When Olivia dies so suddenly, Roald Dahl is destroyed. In his own words, he was left ‘limp with despair’. He is consumed by his own misery, ignoring his wife’s grief. And striking out at little Tessa, the second daughter. 

Poor Tessa, even before her sister’s death, was well aware she was not her father’s favourite. And with Olivia gone, Roald Dahl proves it over and over. It’s hard to watch. Hard to forgive. 

But the misery in these scenes gives young Isabella Jonsson a chance to shine. While she plays the role of Matilda in the London run of MATILDA: THE MUSICAL, this is her first film performance. There’s a moment where she sits alone on the stairs, hugging together as many of her soft toys as her little arms allow. ‘Everybody hold hands,’ she says. My heart broke.

In fact, the film is filled with amazing performances. The script is just ‘not bad’, but the actors make it quite delightful. Keeley Hawes is both glamorous and courageous as a frustrated and grieving Patricia Neal. And Hugh Bonneville makes the drunken outbursts of a miserable Roald Dahl more sympathetic than the author probably deserves.  

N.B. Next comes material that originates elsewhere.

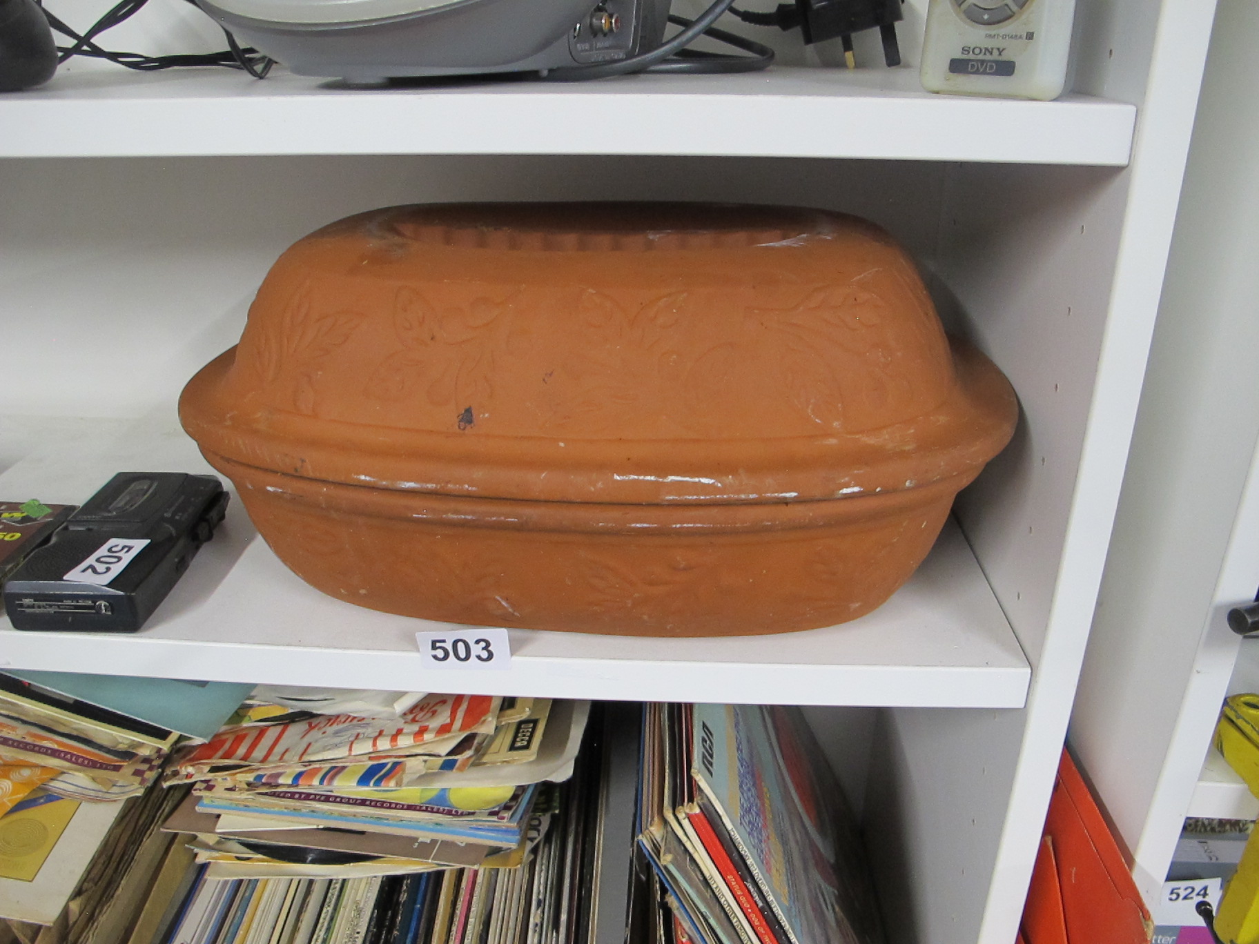 An Unglazed Terracotta Lidded Cooking Pot or Baker with Molded Decoration

TO OLIVIA is also the final performance of British actor Geoffrey Palmer (‘As Time Goes By’, ‘Tomorrow Never Dies’). He is darkly funny as the Archbishop of Canterbury, the man who infamously convinced Roald Dahl that religion was a sham. The scene of that moment is as incredible as you’d expect from actors with the skills of Palmer, Bonneville, and Hawes.  

TO OLIVIA is sweet, sad, and incredibly British. If you’re looking for a hard hitting biography about either Roald Dahl or Patricia Neal, this probably isn’t it. But if you’re looking for a story about imperfect parents managing great loss, and a little girl desperate to matter to either of them, set in beautiful rural England, FOR OLIVIA is right on the money.